Самоварова вздохнула и подергала расхлябанный, ответивший сердитым плевком воды смеситель. Затем разобралась с плитой. Под мирное сопение любимого, упорно не желавшего просыпаться, наконец сварила себе кофе.
Эх… На кой же черт их сюда занесло?!
Мотало ее в последние несколько дней, то ли тревожно было, то ли тоскливо, сны дурацкие снились, сюжет в давно задуманном романе никак не складывался, вот и подумала: неплохо сменить обстановку, отвлечься…
Толкнув плечом тугую, разбухшую за зиму и дождливую весну дверь, Варвара Сергеевна с чашкой в руках вышла из домика.
Гостевая хибара располагалась позади хозяйского дома, в дальнем углу большого квадратного участка.

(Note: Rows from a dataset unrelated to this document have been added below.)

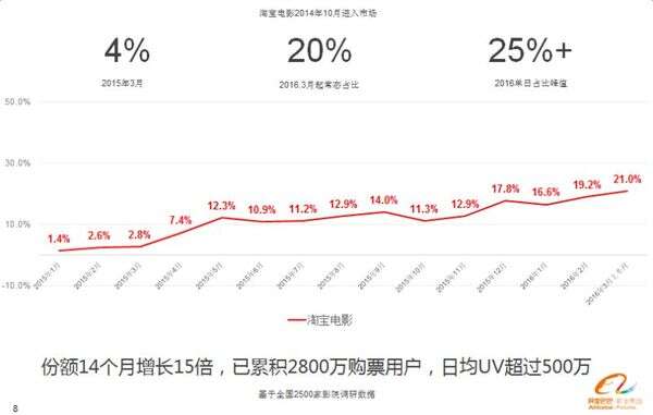 图注:淘宝电影的融资PPT中披露,其购票用户数达2800万,市场份额稳定在20%以上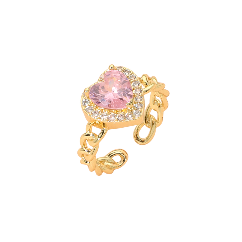 • Eye-catching adjustable ring featuring a bold heart centerpiece framed with sparkling stone details and a modern chain-inspired band. Designed to stand out on its own or pair with layered looks, this ring adds expressive charm to boutique jewelry collections and gift assortments.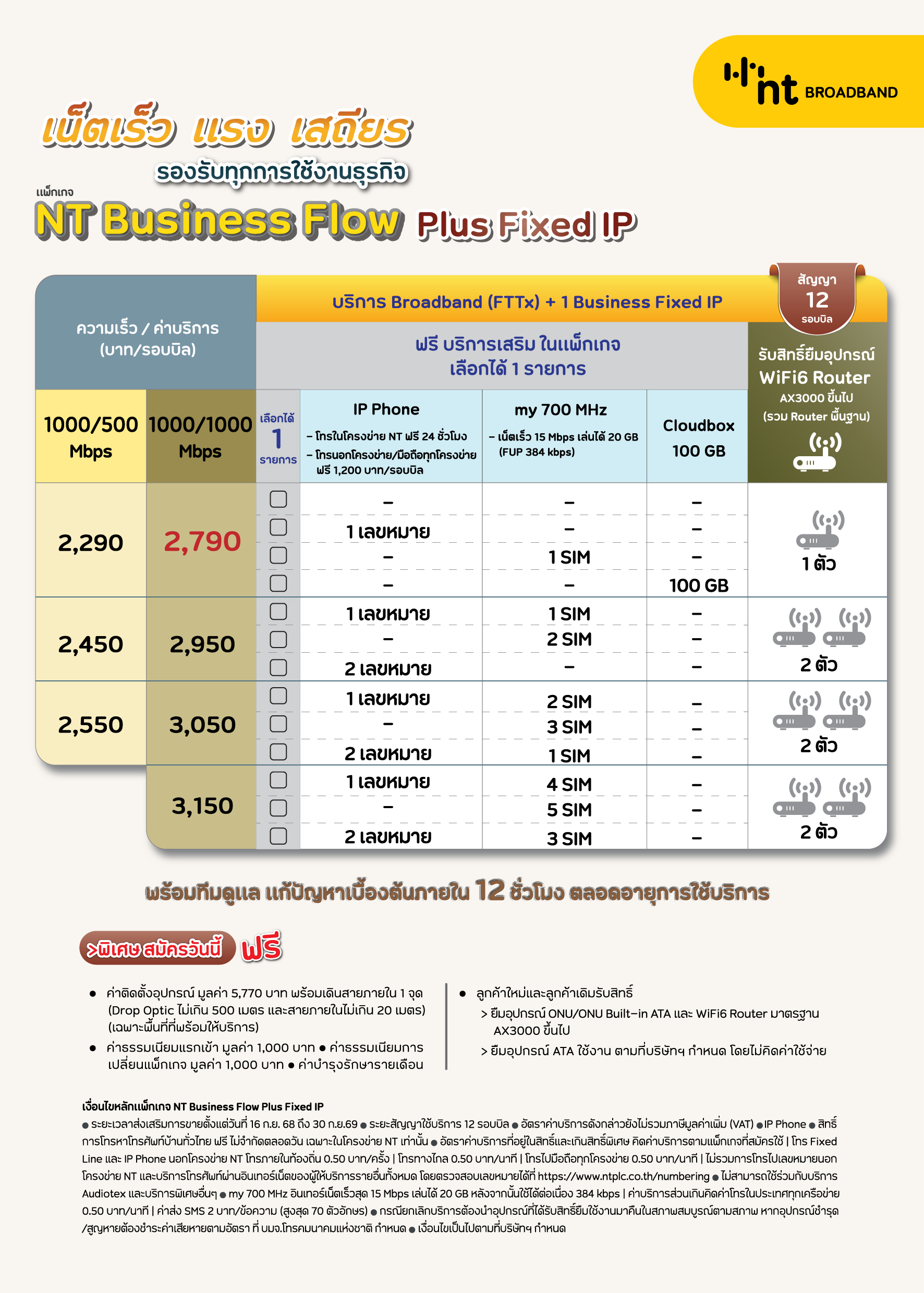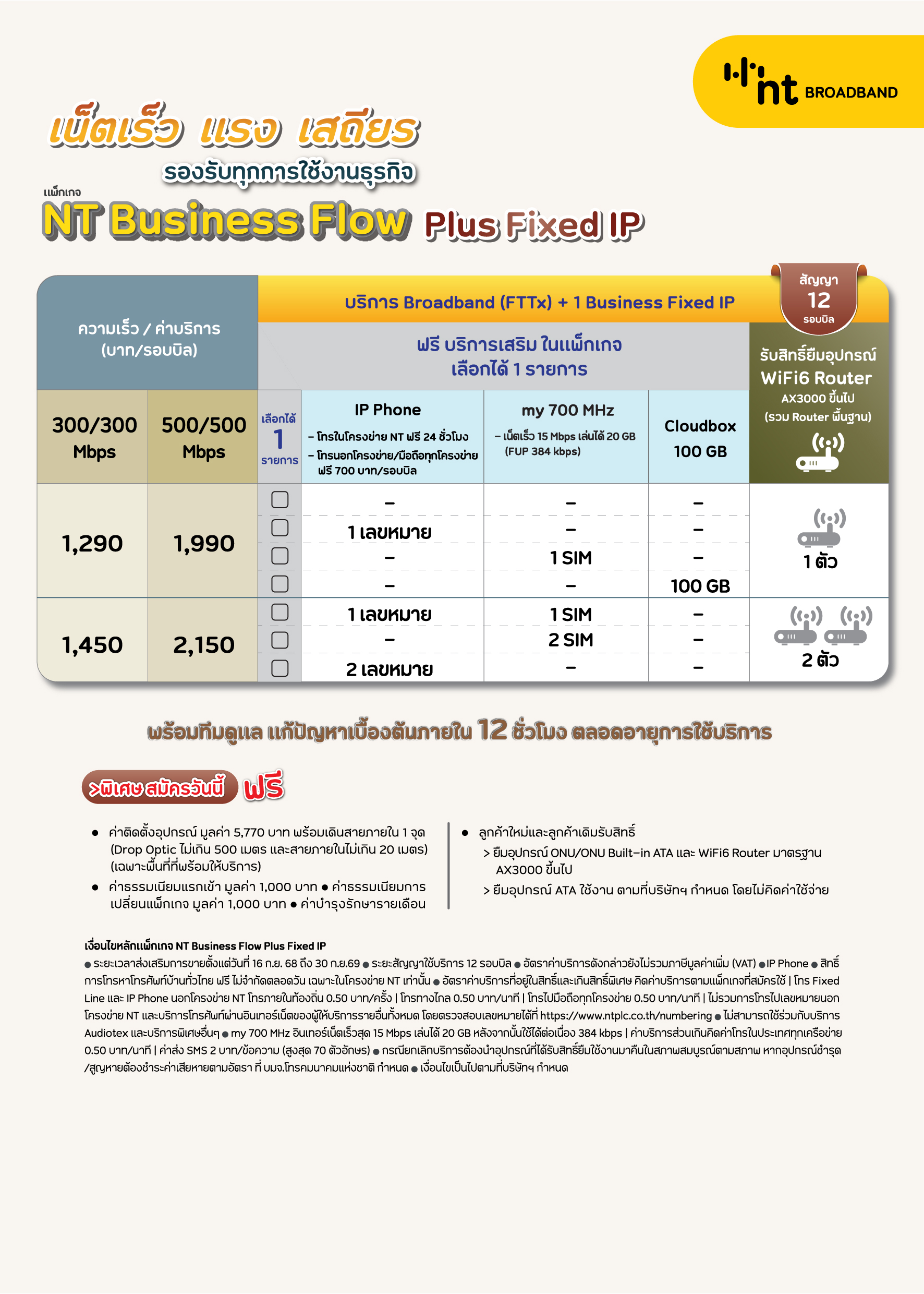 แพ็กเกจ NT Business Flow Plus Fixed IP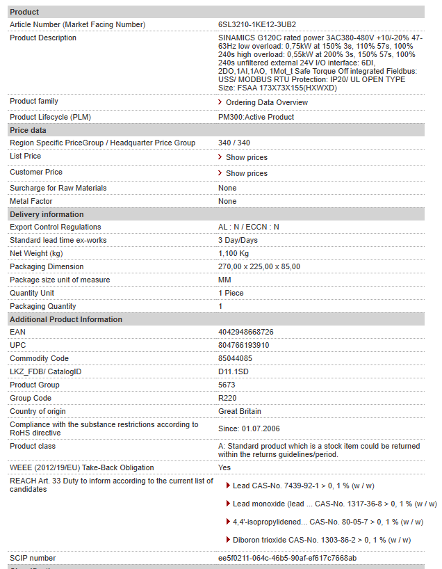 SINAMICS G120C rated power 3AC380-480V +10/-20% 47-63Hz low overload: 0,75kW at 150% 3s, 110% 57s, 100% 240s high overload: 0,55kW at 200% 3s, 150% 57s, 100% 240s unfiltered external 24V I/O interface: 6DI, 2DO,1AI,1AO, 1Mot_t Safe Torque Off integrated Fieldbus: USS/ MODBUS RTU Protection: IP20/ UL OPEN TYPE Size: FSAA 173X73X155(HXWXD)
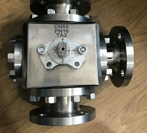 Q44F16-鈦材質三通球閥靈活控制管路中介質的合流或分流,廣泛的運用在石油、化工、食品、醫藥、輕紡、造紙、水電、船舶、冶 金、煤氣、供排水等系統中。配裝電動或者氣動可實現現場及遠距離 操作,也可實現單獨或集中控制。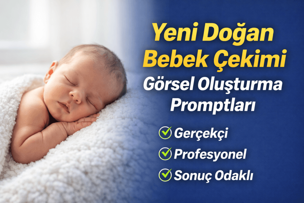 ∙ Kalite için ekleyin: “professional newborn photography, 8K resolution, soft focus, natural lighting”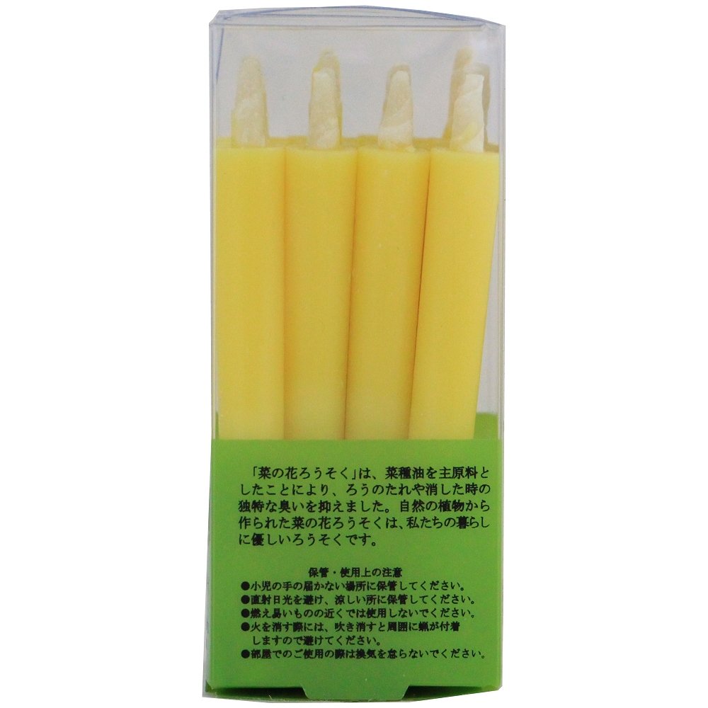 | 原材料 | ※菜の花ろうそくは、燃焼時のロウたれが少なく消した後の独特のにおいも抑えることができました。和ろうそくの特徴は「芯」と「原料」です。 芯は筒状にした和紙の上から灯芯(とうしん)を巻いて作ります。これにより和ろうそく独特の明るく、力強い炎が得られるのです。 和ろうそくの原料には、植物ロウを主原料(菜種油)にしています。 固さを維持し、べたつかないように扱いやすくする為、パラフィンを7%使用しております。 一般に売られている洋ろうそくはパラフィン100%近くの物が多く黒煙が多く発生し、お仏壇や家をいためてしまうおそれがあります。 ろうそくサイズ:1×0.8×8cm(16本入) |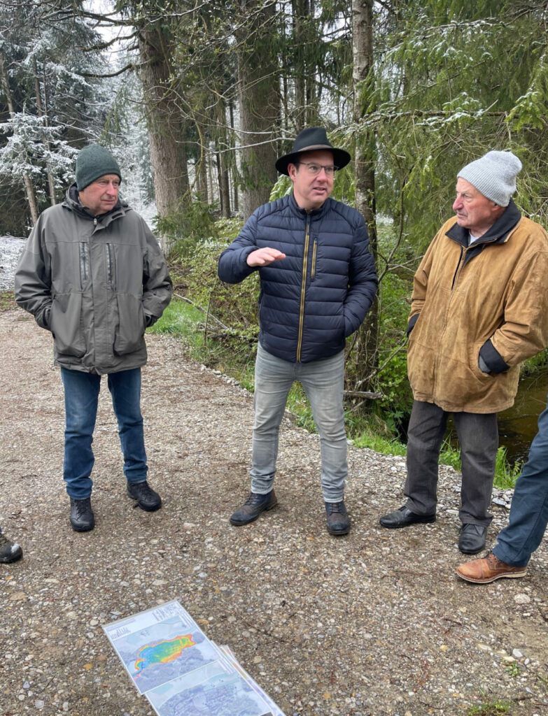 Bei der nächsten Station, beim Blindele-See, beteiligten sich mehrere Grundstückseigentümer und weitere Interessierte an den Gesprächen mit dem Landtagsabgeordneten, dem Ortsvorsteher und der Projektleitung Naturvielfalt Westallgäu, Jan Bolender und Siegfried Kehl (Naturmanagement). Die beiden Fachleute haben es geschafft, seit Beginn des Projekts 2022, mit Informationsveranstaltungen und vielen persönlichen Gesprächen die beteiligten Personen über das geplante Projekt aufzuklären, um die Einzigartigkeit dieser besonderen Flächen zu erhalten. Gutachten zur Tier- und Pflanzenwelt sowie die Ergebnisse hydrologischer Untersuchungen sind Grundlage eines Renaturierungsplans, der die Wiedervernässung der Moorflächen sowie mögliche Konflikte darstellt. Dabei ist bereits jetzt schon abzusehen, dass entsprechende Grundstücksverhandlungen an nicht vorhandenen Ersatzflächen oder am Grundstückspreis scheitern könnten. Auf Anregung von Alois Peter sollten Grundstücke in Schutzgebieten (Moore) neu bewertet werden. „Bisher werden diese Flächen als fast wertlos gehandelt, was so nicht sein kann. Sie tragen durch die Wiedervernässungsmaßnahmen entscheidend zum Klimaschutz und zur Erhaltung der Artenvielfalt bei, das sollte auch was wert sein“, betonte der Ortsvorsteher und darf auf die Unterstützung von Raimund Haser MdL hoffen.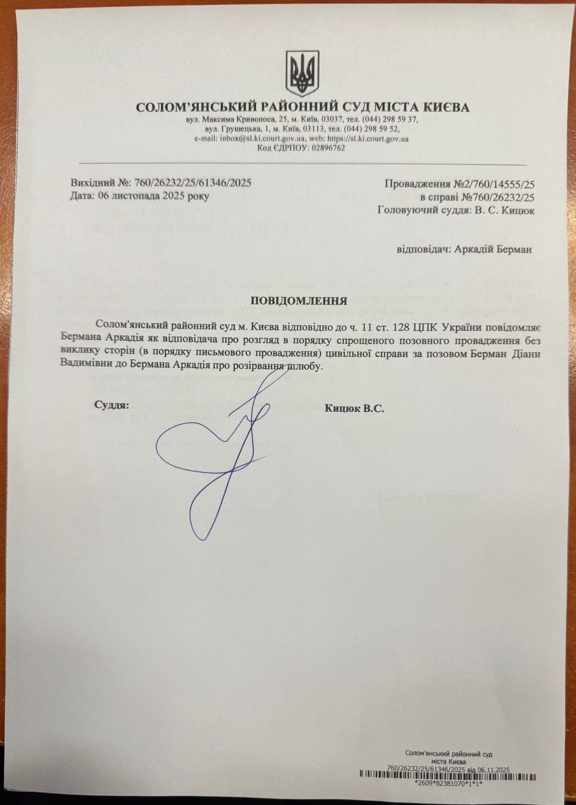 Оголошення про виклик до суду про справі 760/26232/25 Аркадій Берман

За хибарой возвышался соседский высокий, глухой забор.
Самоварова осмотрелась. Вчера, с дороги, ей было не до того.
Участок был зелен, но неопрятен – тут и там красовались оставленные строителями следы: облицовочные кирпичи, разномастные камни, арматура, доски. На брусчатых лесах, вплотную придвинутых к фасаду хозяйского дома, стояла здоровенная банка с краской.
По узким деревянным настилам, заменявшим непроложенные дорожки, Варвара Сергеевна направилась к большому дому. С северной стороны он имел вытянутую прямоугольником открытую оштукатуренную под отделку террасу с колоннами.
Прикрыв рукой чашку с горячим кофе, она преодолела несколько бетонных ступенек и оказалась на террасе.
В углу притулился большой колченогий икеевский стол, видимо, за ненадобностью привезенный хозяевами откуда-то еще. На столе, покрытом изрезанной цветастой клеенкой, стояла большая банка недорогого растворимого кофе, вокруг сгрудились разномастные чашки, ложки и хромированная подставка соль-перец. Вдоль стола расположились самодельные лавки. На одной из них, прижавшись к стене, стояла стеклянная банка, под завязку наполненная окурками.
Судя по всему, здесь с наступлением тепла трапезничала и делала перекуры бригада рабочих.
Сверху, с мансардного этажа, отчетливо доносились то скрежещущие, то сиплые звуки: там как раз работала бригада.
Вчера ни с кем из рабочих и даже – что самое неприятное – с хозяином дома им познакомиться не удалось.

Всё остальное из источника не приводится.